# Vintage 1945 ITE Model LX Slate back breaker



## K.W. (Feb 14, 2021)

This an early breaker that I salvaged from an old factory during renovation / demolition. I am a collector of many old items and hate seeing history being destroyed. I am not an electrician but I do work in the HVAC trade. 
I’ve kept this for many years now but need the space. I am assuming that there would be interest to collectors for early electrical items. Over the years, I have seen many types of old slate back breakers but this one seems a bit unique to me. The slate is 24 x 27 and roughly 2 inches thick. Quite a heavy piece. Any info or know if there is interest in this, I would appreciate it.

Kevin


----------



## Easy (Oct 18, 2017)

Thanks for sharing. I really don't think there is much interest here but perhaps a museum would be interested.


----------



## ATSman48 (Feb 12, 2021)

WOW, that is old, even before I was born!
ITE was a major player back in the 60's, 70's, 80's then I think they were bought out.
Thanks for the blast from the past!!!
I too love the old stuff.....built to last forever...or almost!!


----------



## SWDweller (Dec 9, 2020)

Siemens bought them out 83 or so. If the memory is still functioning


----------



## VELOCI3 (Aug 15, 2019)

Here is a 4000 amp ITE LG truck mounted breaker from 1952 we sent out to Circuit Breaker Sales for a complete restoration. It’s a spare breaker for 2 of 5 services in an AT&T Central Office in NY.

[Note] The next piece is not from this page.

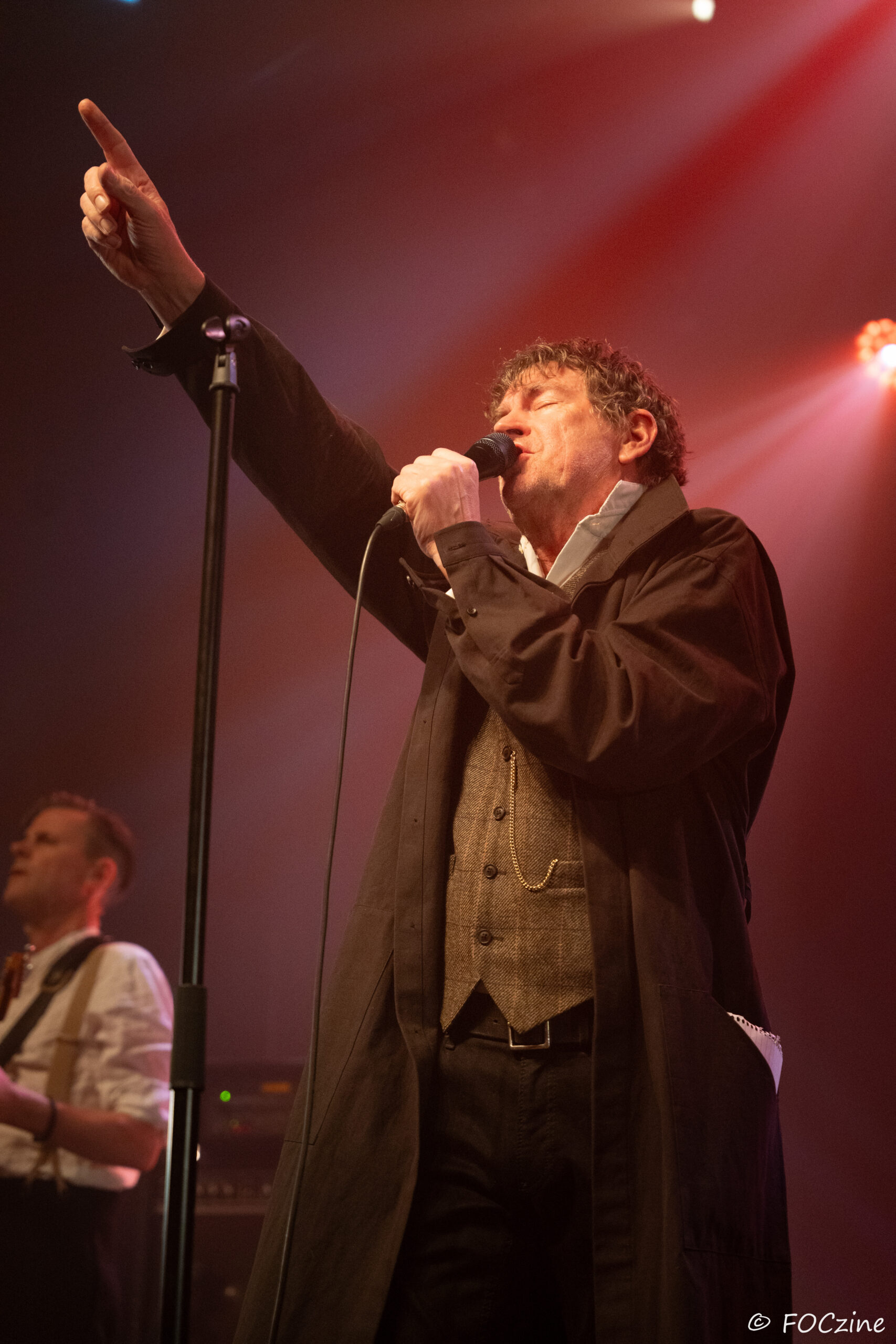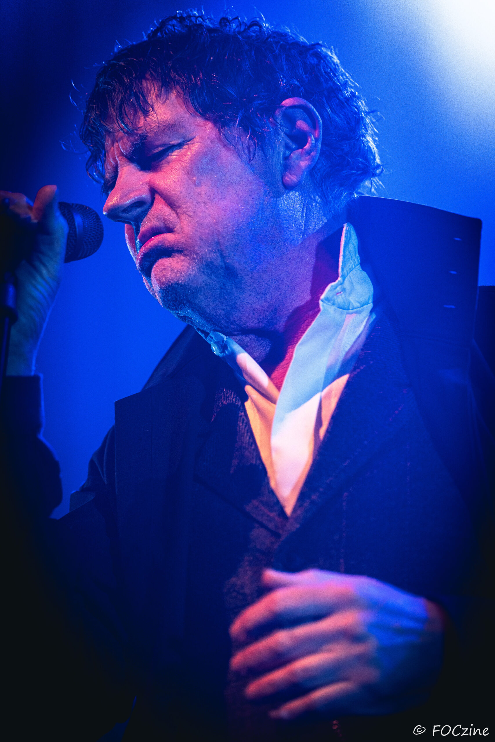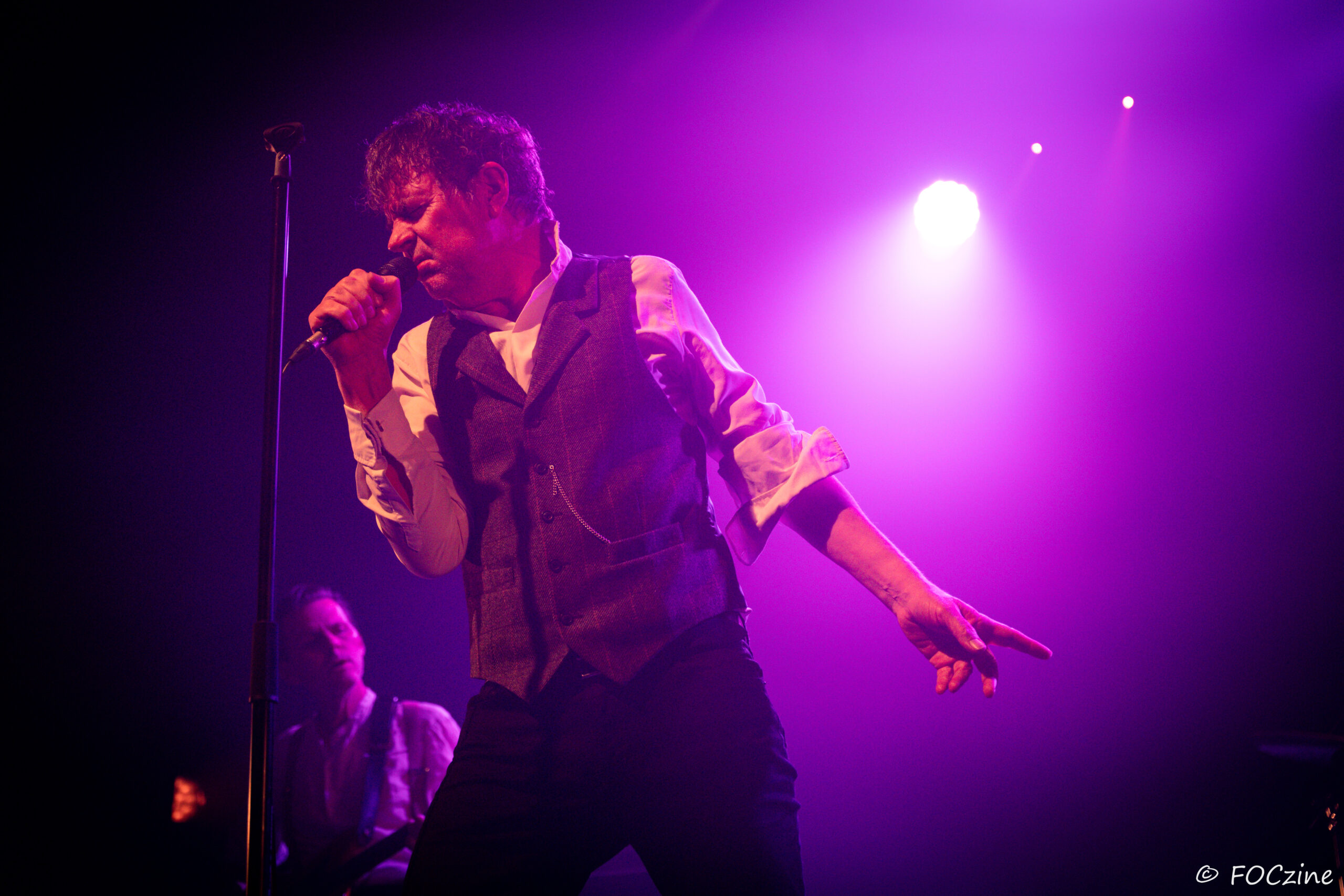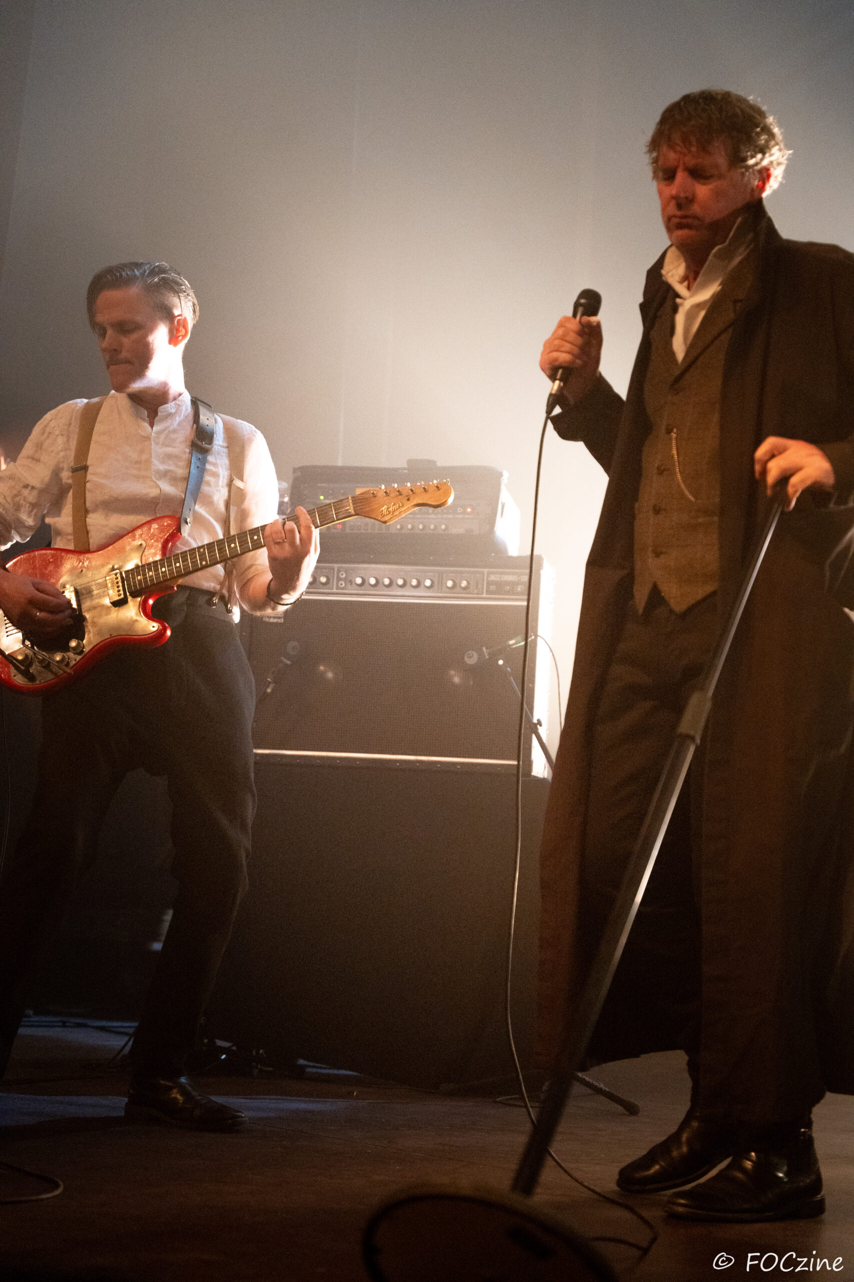 Et enfin Simon Huw Jones : le grand frère, la figure de proue, le capitaine au chant incarné. Un acteur entre en scène, redingote sur chemise blanche, col tendu. Passeur de temps, montre à gousset dans la poche du blaser et gestuel théâtral.

Sent from my iPad using Tapatalk


----------



## SWDweller (Dec 9, 2020)

The good old day, probably still in service and will be into the next century, Just update the protective devices. 

Thanks for sharing


----------



## Norcal (Mar 22, 2007)

SWDweller said:


> Siemens bought them out 83 or so. If the memory is still functioning


I think that Brown Boveri Electric, now ABB, ended up with the switchgear, Siemens-Allis ( as it was then known as) only bought part of the ITE line


----------



## Zog (Apr 15, 2009)

K.W. said:


> This an early breaker that I salvaged from an old factory during renovation / demolition. I am a collector of many old items and hate seeing history being destroyed. I am not an electrician but I do work in the HVAC trade.
> I’ve kept this for many years now but need the space. I am assuming that there would be interest to collectors for early electrical items. Over the years, I have seen many types of old slate back breakers but this one seems a bit unique to me. The slate is 24 x 27 and roughly 2 inches thick. Quite a heavy piece. Any info or know if there is interest in this, I would appreciate it.
> 
> Kevin


Not very rare, I have 14 of them in my warehouse


----------



## Slateswitches (Jul 7, 2021)

I am extremely interested in this switch.

Please let me know how I can contact you.


----------